The California Court of Appeal reversed a lower court's holding for a generic pharmaceutical manufacturer and distributor, and held that implied preemption principles did not preempt the state law claims challenging the labeling for a generic drug. In McKenney v. Purepac Pharms. Co., --- Cal. Rptr. --- , 2008 WL 4355425 (Cal. App. Sept. 25, 2008), the lower court granted the manufacturer's demurrer without leave to amend, holding that because the defendant was a manufacturer of the generic drug, metroclopramide, it could not deviate from the original FDA approved warnings for the product. The reviewing court rejected this specific holding by stating that the FDA allows generic manufacturers to change its labeling with new safety information given the existence of supporting evidence. (57 Fed. Reg. 17950, 17961). The court also examined the Carlin v. Superior Court, 13 Cal. 4th 1104 (1996) decision that imposed liability for labels that failed to warn of risk that were known or reasonably known by the manufacturer.
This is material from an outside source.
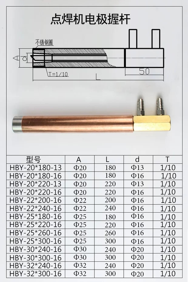 Resistance welding electrode grip pole spot welding machine with water copper rod cooling electrode copper rod chrome zirconium copper electrode grip pole
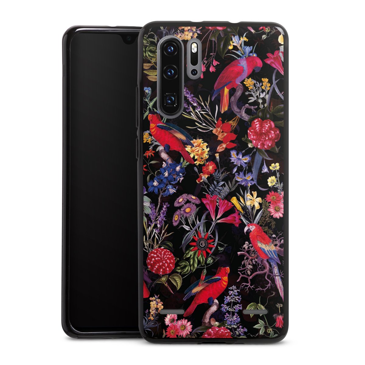 Dark Flowers and Parrots

The court in Carlin noted the company's argument that the FDA evinced no intent to impliedly preempt state law claims, and nothing indicated that this intent had changed now. While the manufacturer showed more recent changes indicative of the FDA's intent, the court stated that this was particular case did not demonstrate the type of conflict preemption upheld in other cases, such as instances where the FDA precluded the manufacturer from including certain warnings for the drugs.